**WHAT IS NEEDED**
Copy down every line of the data that follows exactly. Omit the pictures.

**Data entries**
####

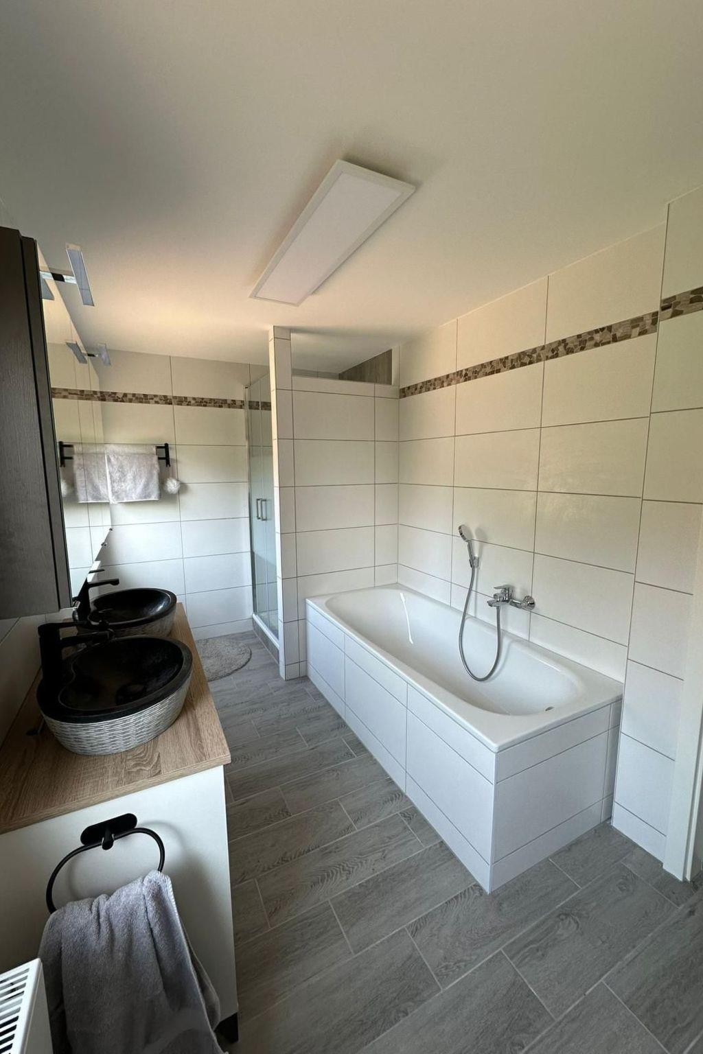 Bathroom: WC, bathtub, shower, double washbasin, illuminated mirror cabinet, 2 windows
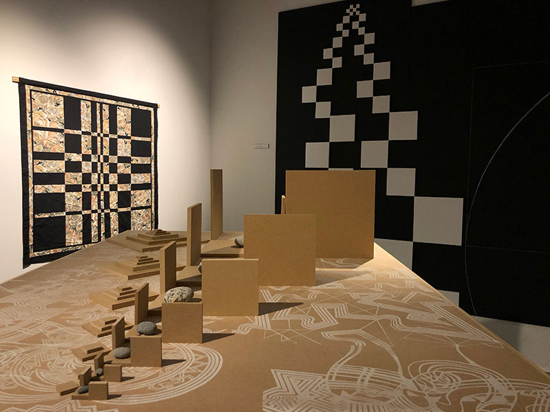 The installation, in part, reflects the research of Dr. Christopher Powell in his 2010 dissertation, The Shapes of Sacred Space on the geometry of Mayan art and architecture.
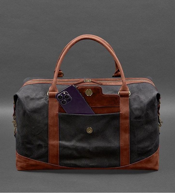 Ручки, дно, обшивка кишень і змійок сумки виготовлені з натуральної шкіри
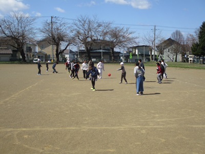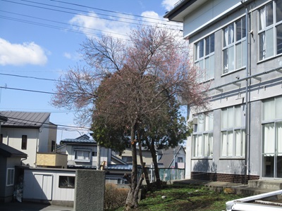 4月8日(水)今日の中休みは、天気もよかったので、たくさんの子たちが校庭で遊びました。その前に、昨日まで咲いていなかった桜の花が咲いていました。
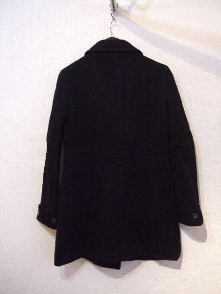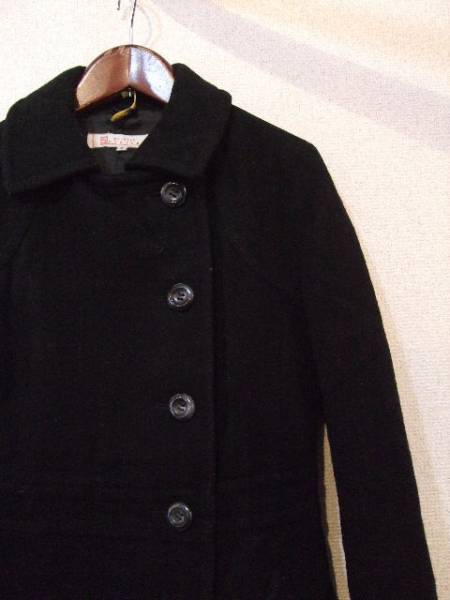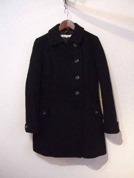 | 商品紹介 | 左側にボタンが付いたちょっと個性的な形のコートです。 ウエストは切替えでややシェイプしていて、広がりの少ない スッキリした形です。 色は黒で他のアイテムと合わせやすく、着まわしやすいデザインです。 《素材》 表地:毛90% ナイロン10% 裏地:ポリエステル |
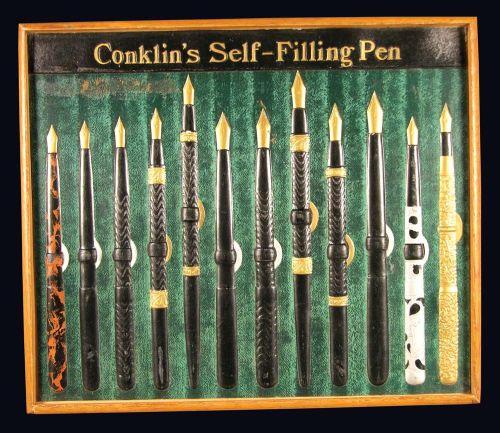 Conklins Self Filling Pen Display, embossed display, not actual product. Excellent condition. 11 X 9 1/2 X 2 inches.
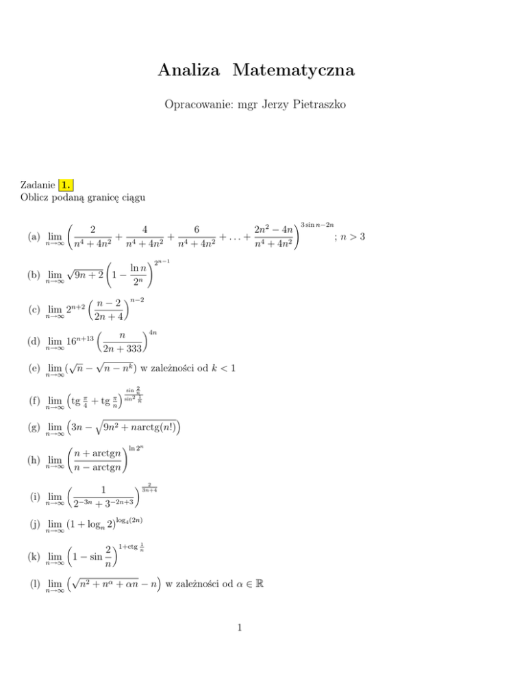 Oblicz (bez wykorzystywania reguły de l’Hospitala) podane granice funkcji
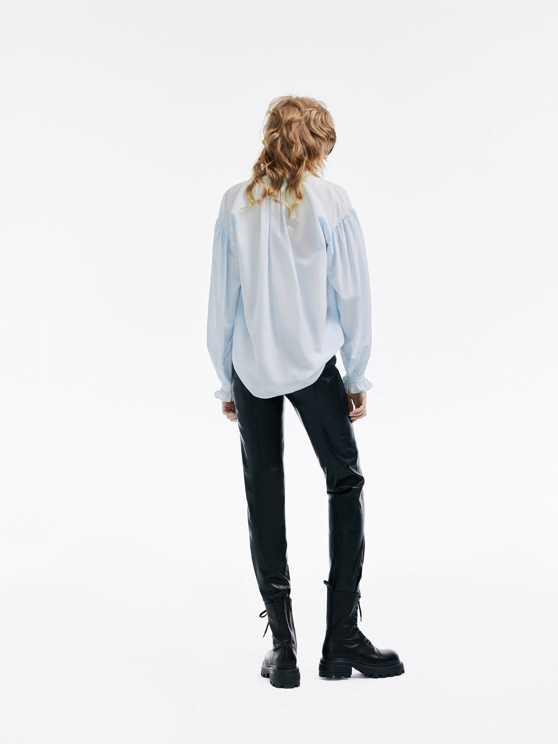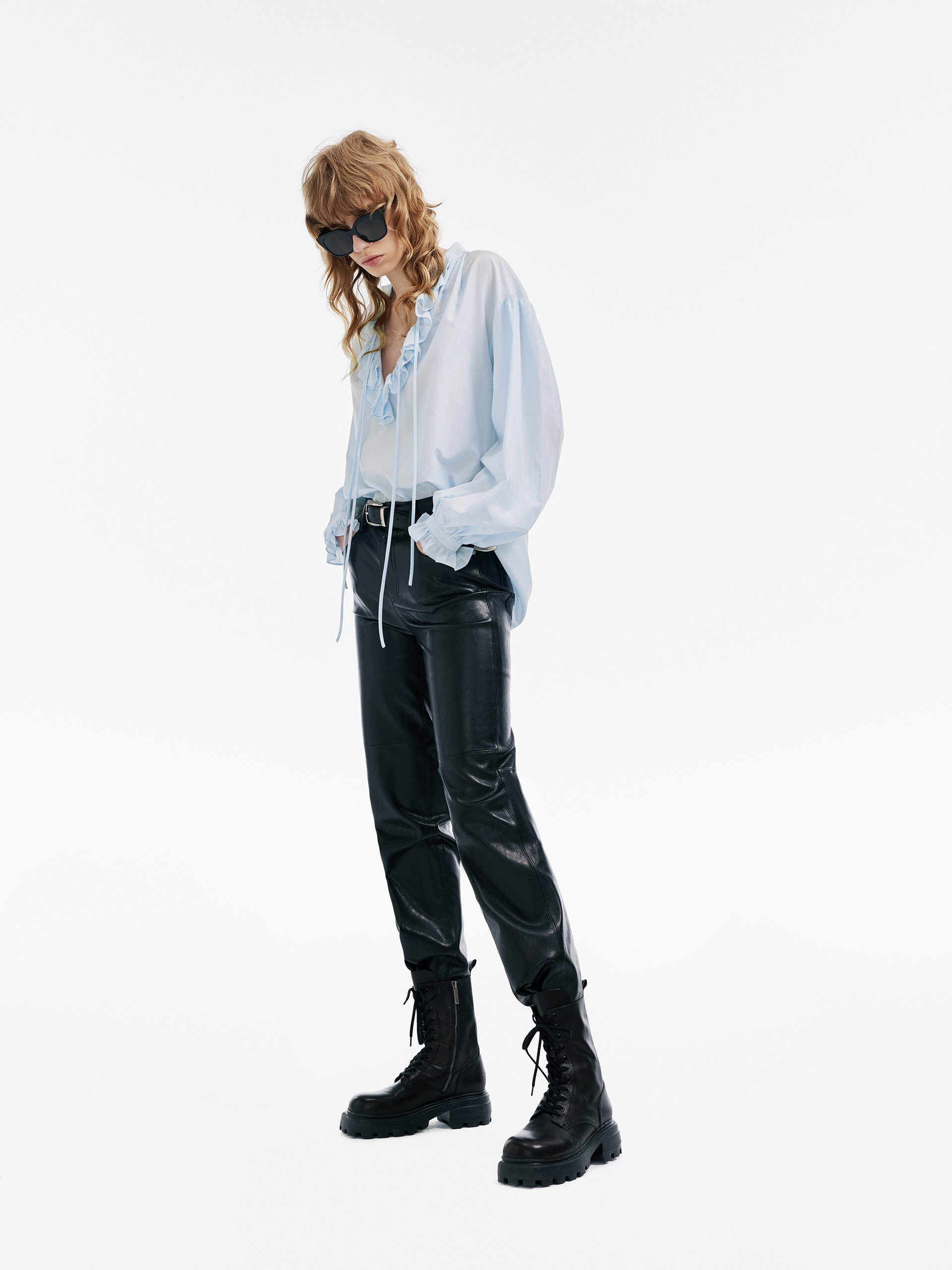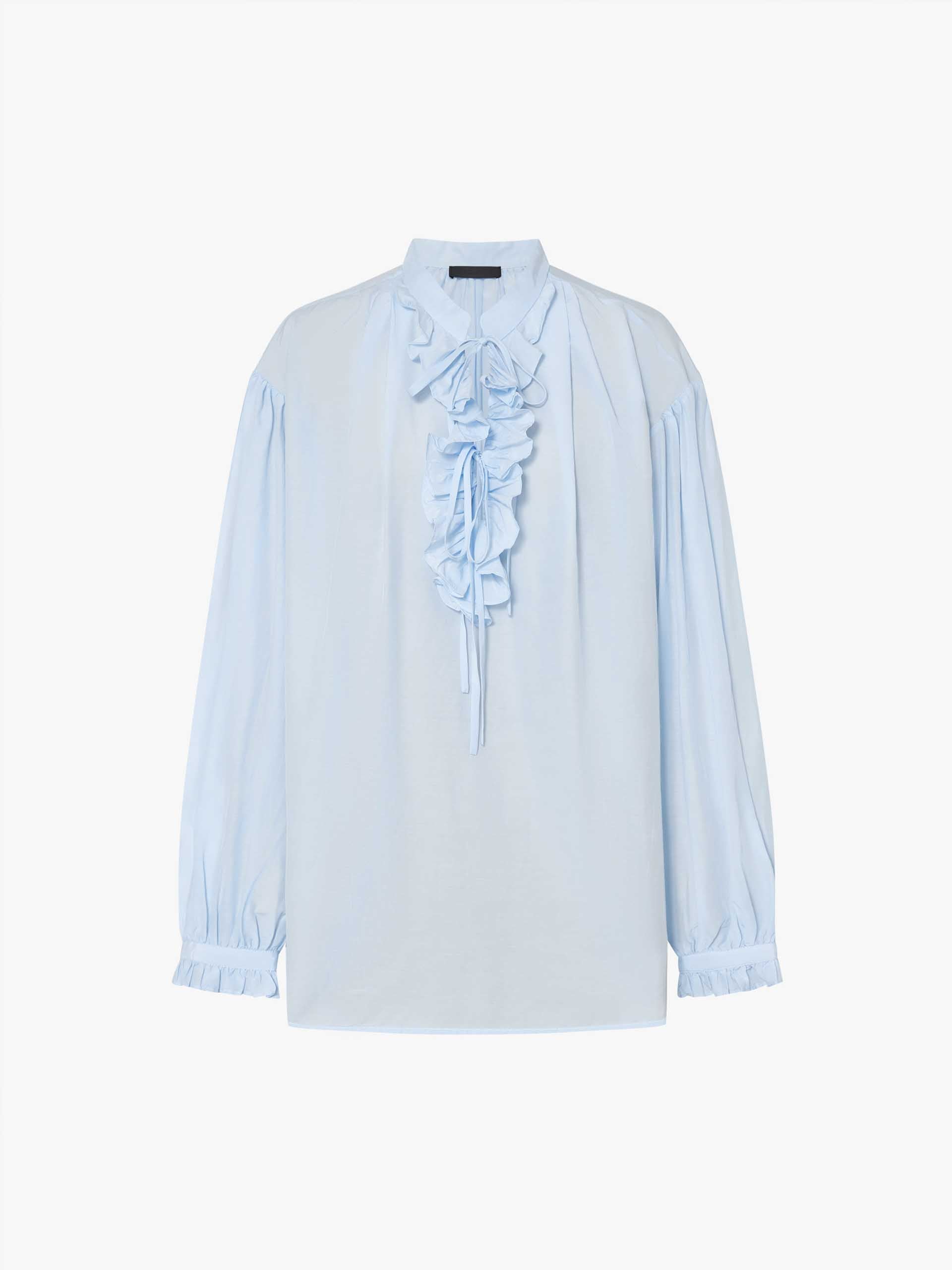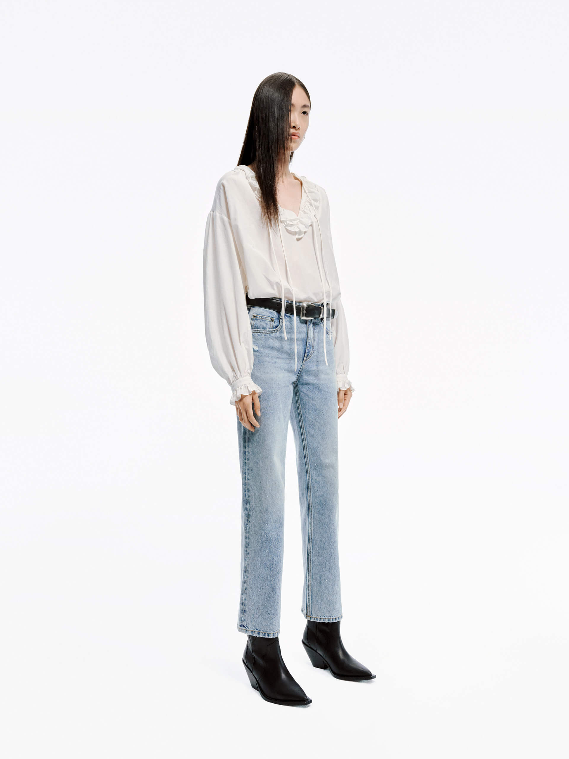 Crafted from a blend of cotton and silk, this blouse features billowy sleeves with delicate ruffled cuffs and a V-neckline with a self-tie design. The loose silhouette pairs perfectly with high-waisted jeans for a chic, effortless look.
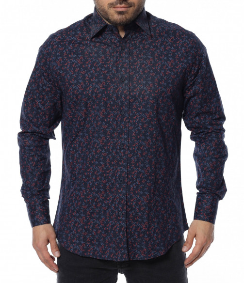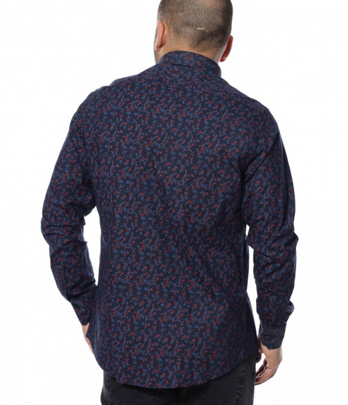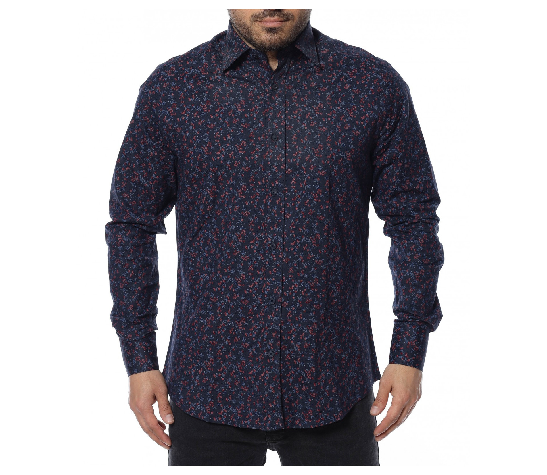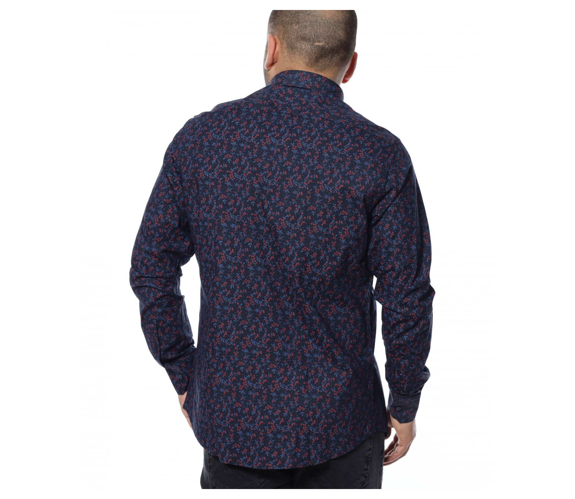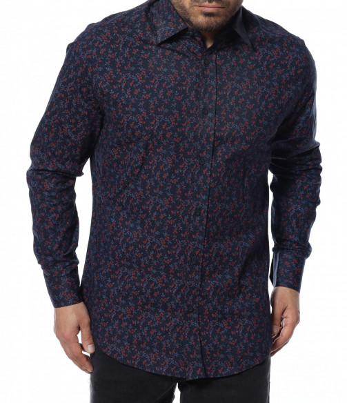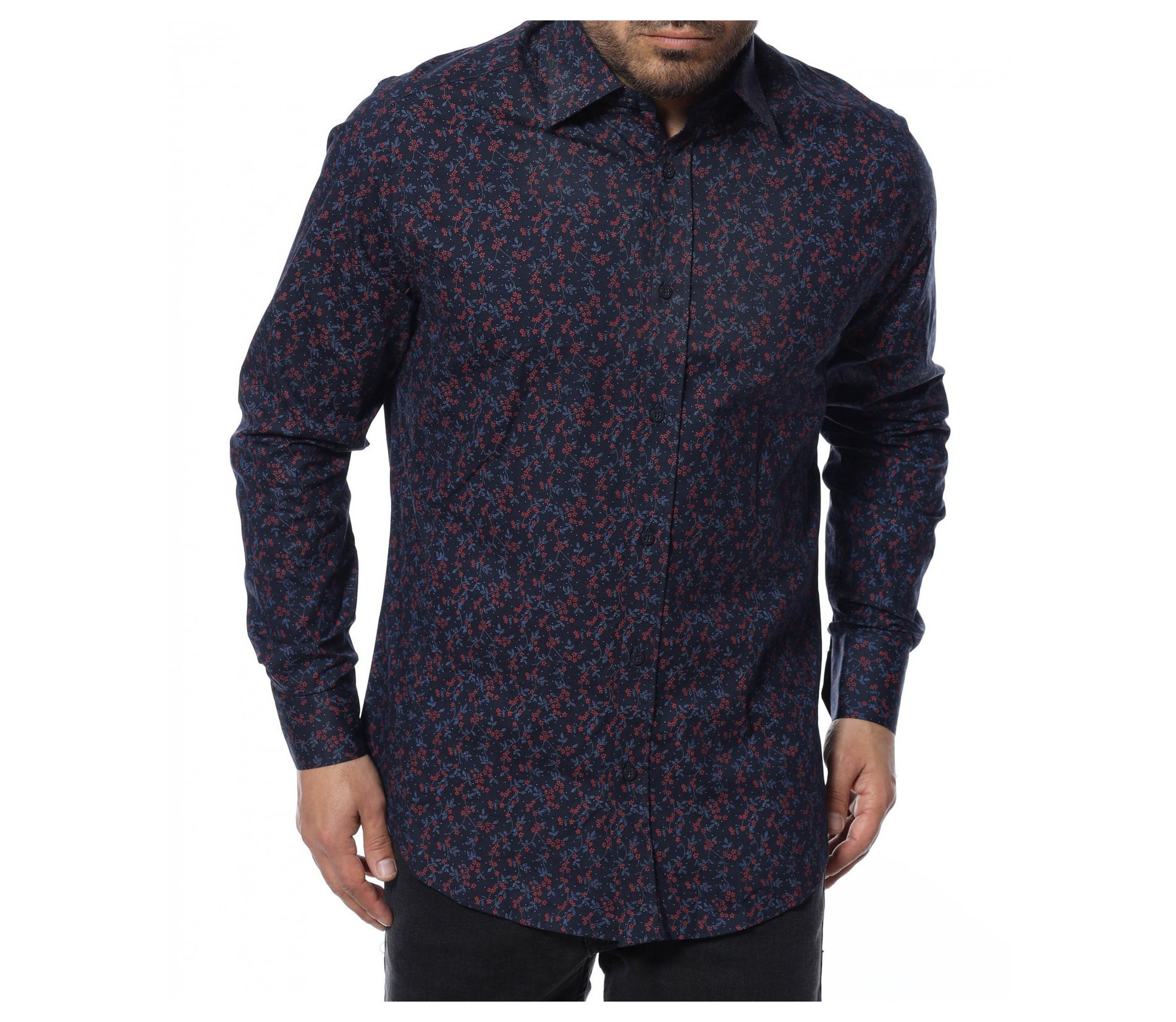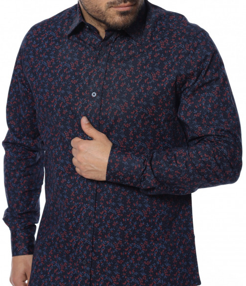 Представяме ви елегантна и стилна мъжка риза. Основате е едноцветна, а десенът й е на различни и ситни флорални мотиви и цветя, което прави моделът открояващ се от класическите. Кройката следва линиите на тялото, а комбинацията от мека памучна материя и еластант придават на тялото така желаният комфорт и свобода на движение. Закопчаването се състои в копчета, а на ръкавите, при китката е разположено копче, за да прибира елегантно ръкава. Комбинирайте с елегантен панталон, дънки и подходящи обувки

####

**COMPLETED EXERCISE**
 Bathroom: WC, bathtub, shower, double washbasin, illuminated mirror cabinet, 2 windows
 The installation, in part, reflects the research of Dr. Christopher Powell in his 2010 dissertation, The Shapes of Sacred Space on the geometry of Mayan art and architecture.
 Ручки, дно, обшивка кишень і змійок сумки виготовлені з натуральної шкіри
 4月8日(水)今日の中休みは、天気もよかったので、たくさんの子たちが校庭で遊びました。その前に、昨日まで咲いていなかった桜の花が咲いていました。
 | 商品紹介 | 左側にボタンが付いたちょっと個性的な形のコートです。 ウエストは切替えでややシェイプしていて、広がりの少ない スッキリした形です。 色は黒で他のアイテムと合わせやすく、着まわしやすいデザインです。 《素材》 表地:毛90% ナイロン10% 裏地:ポリエステル |
 Conklins Self Filling Pen Display, embossed display, not actual product. Excellent condition. 11 X 9 1/2 X 2 inches.
 Oblicz (bez wykorzystywania reguły de l’Hospitala) podane granice funkcji
 Crafted from a blend of cotton and silk, this blouse features billowy sleeves with delicate ruffled cuffs and a V-neckline with a self-tie design. The loose silhouette pairs perfectly with high-waisted jeans for a chic, effortless look.
 Представяме ви елегантна и стилна мъжка риза. Основате е едноцветна, а десенът й е на различни и ситни флорални мотиви и цветя, което прави моделът открояващ се от класическите. Кройката следва линиите на тялото, а комбинацията от мека памучна материя и еластант придават на тялото така желаният комфорт и свобода на движение. Закопчаването се състои в копчета, а на ръкавите, при китката е разположено копче, за да прибира елегантно ръкава. Комбинирайте с елегантен панталон, дънки и подходящи обувки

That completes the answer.